Exactly and only the lines from the line holding "Apartment Model: BFrom" to the end of the records should be reproduced. Leave pictures out.
─── STORED DATA
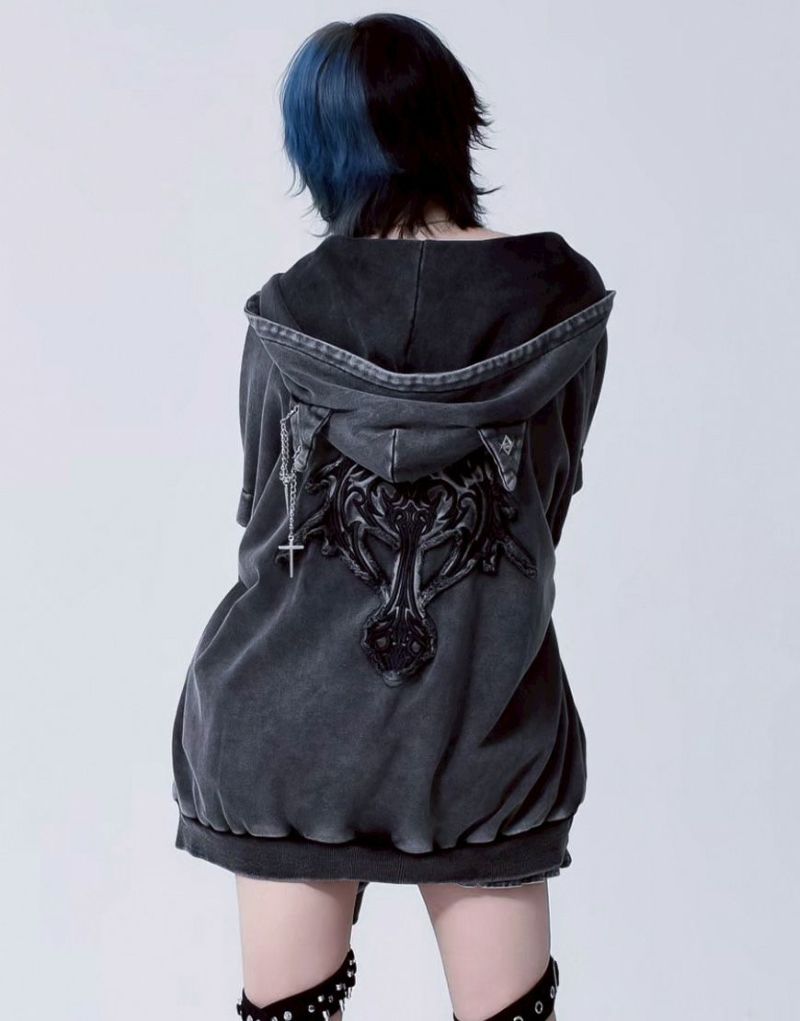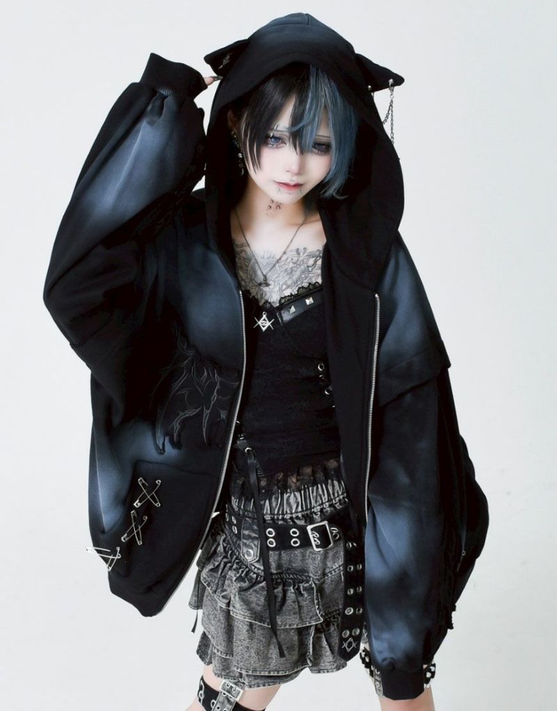 猫耳部分のチェーンパーツにはクロスチャームをセットし、病み感のある神秘的なニュアンスをプラス。
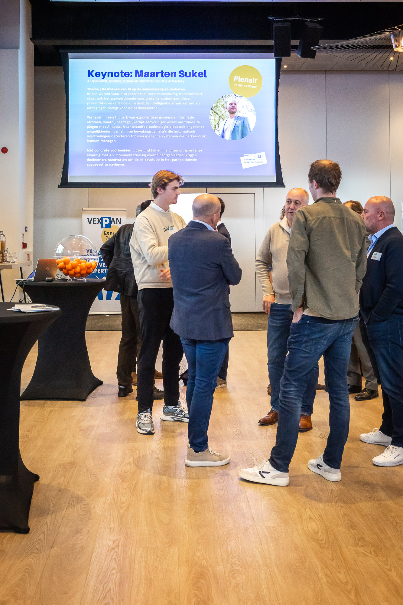 Daarna nam keynote spreker Dr. Maarten Sukel (The AI Factory) ons mee in de razendsnelle ontwikkelingen van kunstmatige intelligentie en wat dit betekent voor de parkeersector. Van slimme camera’s die overtredingen automatisch detecteren tot systemen die parkeerdruk voorspellen – AI verandert de manier waarop we omgaan met ruimte, data en mobiliteit.
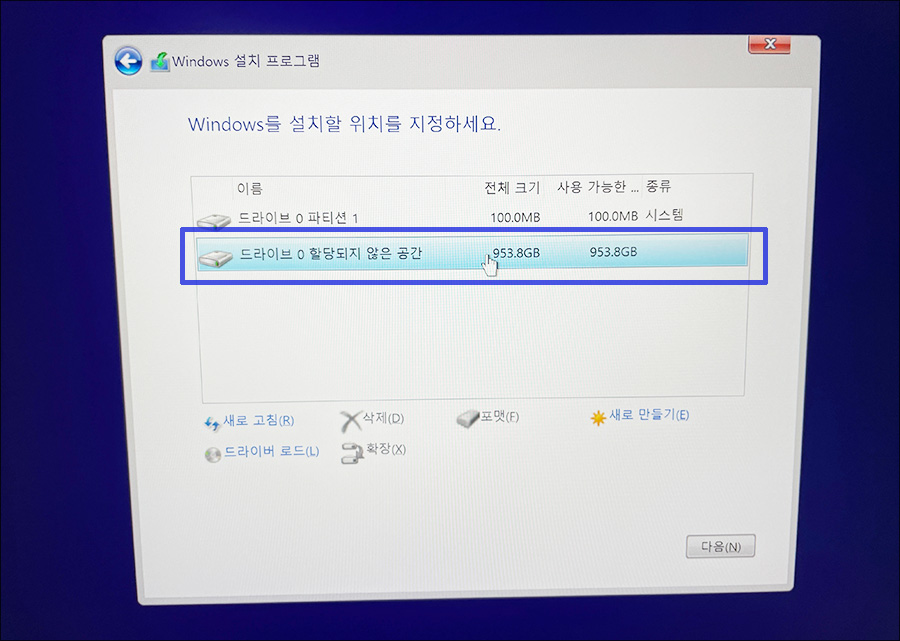 λ§μ½ νν°μ μ λ³΄κ° μ λ°μ΄νΈ λμ§ μμλ€λ©΄ 'μλ‘κ³ μΉ¨'μ λλ¬λ³΄λ©΄ λ©λλ€. λλΌμ΄λΈ 0μ νν°μ 1μ EFI (μμ€ν )μ΄ μ‘νμκ³ , ν λΉλμ§ μμ 곡κ°μ μ ννκ³ 'λ€μ'μ λλ₯΄λ©΄ μλμ°10 μ€μΉ νλ‘μΈμ€κ° μμμ ν¬λ§·μ νλ©΄μ μλμ°λ₯Ό μ€μΉν΄μ€λλ€.
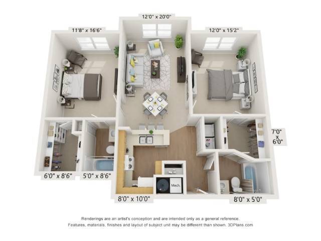 Apartment Model: BFrom $1,6002 Bedroom, 1 Bath, 929 sq ftAvailable Now![]()
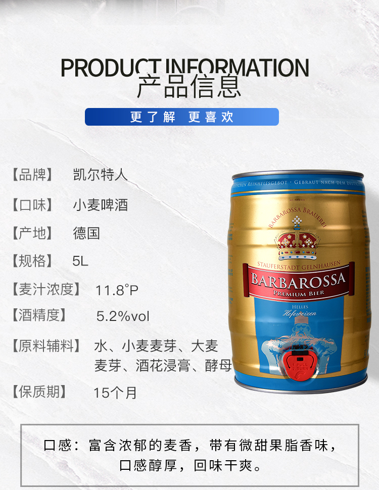 京东自营凯尔特人德国进口小麦啤酒5L桶装
──────
* [RESULT OF THE TASK]
 Apartment Model: BFrom $1,6002 Bedroom, 1 Bath, 929 sq ftAvailable Now![]()
 京东自营凯尔特人德国进口小麦啤酒5L桶装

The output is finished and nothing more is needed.